Managed Hosting Showstoppers

Keep in mind that there are several "dealbreaker" lines of demarcation which make it so that going with an easier-to-use ("managed") hosting system choice like Mosso's Cloud Sites solution ($100+/month - CMI has a Cloud Sites account, but it's currently not being used for the live site) is impossible or causes certain key requirements to go unmet. In order of importance:

  1. SSH Access - there is NO SSH access (no Shell) in Cloud Sites (or in most Managed Hosting environments)
  2. PHP library changes - certain key libraries, like ffmpeg, uploadprogress, GD
  3. increased PHP memory allocation - even if you can customize your memory allocation, often the maximum is too low to be optimum for Drupal
  4. .htaccess or phpconfig customization - often the "Managed Hosting" solutions allow limited or NO customization of the environment.

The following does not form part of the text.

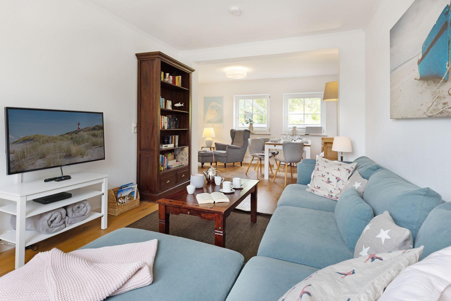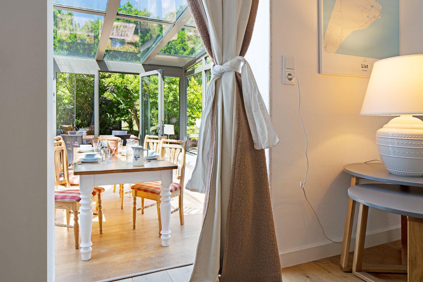 Das Ferienhaus Amur in List bietet familienfreundlichen Komfort mit Wintergarten und Garten inklusive Strandkorb.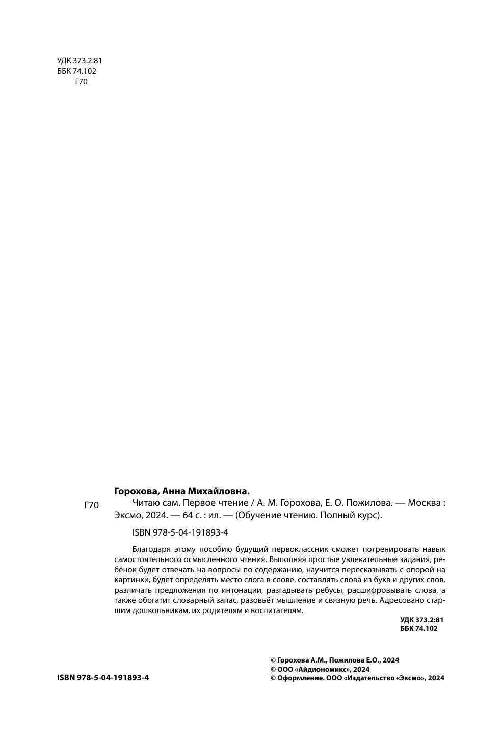 Книга: Читаю сам. Первое чтение (Горохова Анна Михайловна, Пожилова Елена Олеговна); ООО "Издательство "Эксмо", 2024

And, unless the servers are already pre-configured to be perfeect for Drupal, this inability makes this option a de facto non-starter, because Drupal REQUIRES certain cusomizations in order to function at all.

Mosso's Cloud Servers solution is a "VPS" or "Virtual Private Hosting" solution.  and is what we're currently using for the live site. We can stand up as many servers as we need (pretty much), in minutes, and configure them the way we want to. Standing up a new server to be ready to site-worthy can take a matter of minutes or hours, depending on the amount of customization involved. None of the issues above are obstacles when using Cloud Servers, BUT all sysadmin duties are my responsibility, and I can only use Mosso for advice up to the limits of their good will (unless the problem resides with the server itself - in which case they provide excellent support). This option is cheaper and more flexible, and can be scaled just as well or better than Cloud Sites - it just requires the expertise to do so.